I grew up in a typical small town (Shelby) near the center of the state right in the middle of “corn country”. My teammates joke about being me being “corn-fed” and, in their minds, I drove a tractor to school every day when I was in high school. They don’t know of small-town street dances or know of a community without a stoplight, let alone a whole county without one (there isn’t a stoplight in all of Polk County). But little do they know how much my “corn roots” are still a part of my life.

The bobsled season consists of a competitive World Cup season from October through March. And our heavy off-season training runs from early or mid-May through September. So that leaves the month of April for some downtime was well as time for amateur athletes to try to receive an income to help with funding for the rest of the year. So what else would a small-town Nebraska kid do for work in the month April? Farm work, of course!

I’ve been great friends with Phil Hall, a seed-corn farmer near Thayer, Nebraska, for over a decade. Each spring I spend a number of days helping Phil prepare for planting season. This year I spent a couple days helping empty some bins and a few days stalk-chopping several hundred acres. I know this line of work is far from my education in electrical engineering. But I’ve found that I really like the ten hours of solitude in the tractor plowing along. I can’t say that I am cut out to be a farmer year-round, but when it comes time to get my hands dirty, I don’t hesitate to give Phil a hand.

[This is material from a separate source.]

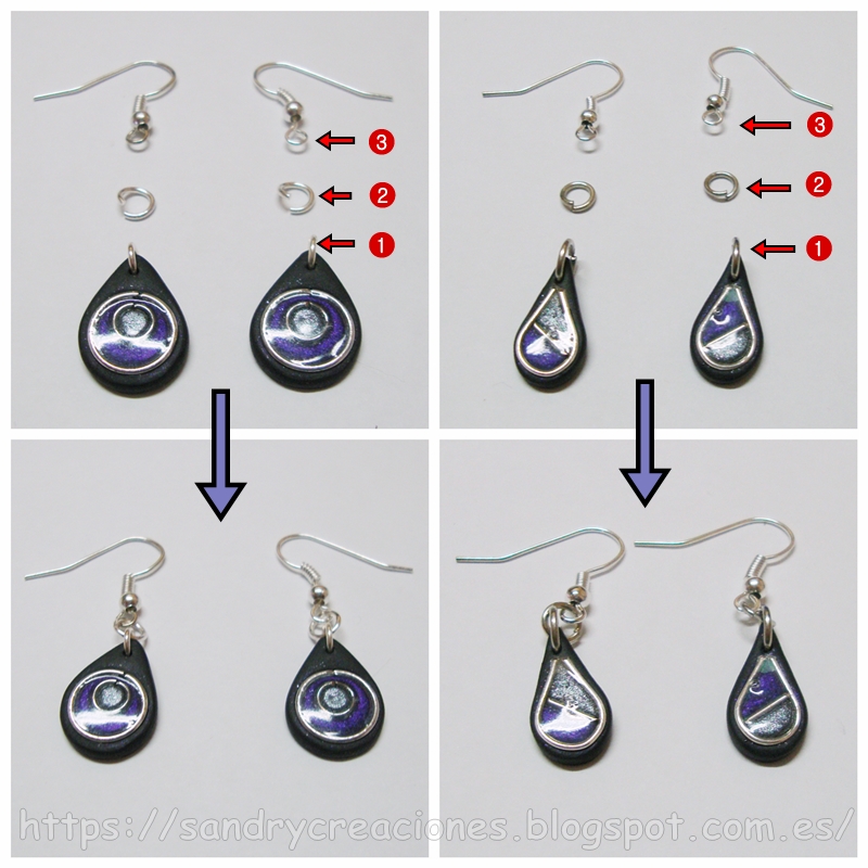 Primero colocaremos la anilla número 1 en cada una de las piezas y la cerraremos, luego pasaremos la anilla numero 2 a través de la anilla número 1 y antes de cerrar la anilla número 2 pasaremos la fornitura de pendiente, que tiene el número 3 en las imágenes, por ella y finalmente cerraremos la anilla número 2 dos completando el montaje del pendiente.

I know that my few days in the field are far from being able to call myself a corn farmer, but I took pride in the fact that, when one of my bobsled teammates called me to discuss some off-season training plans, I surprised him when I said that I would have to call him back when I had a chance to turn off the 8100 John Deere tractor that I was driving.

In my mind, it certainly beats waiting tables part-time like he is doing to earn money for his off-season job. It just goes to show that you can take the bobsledder off the farm, but you can’t take the farm out of the bobsledder - I think I’ve heard that saying somewhere…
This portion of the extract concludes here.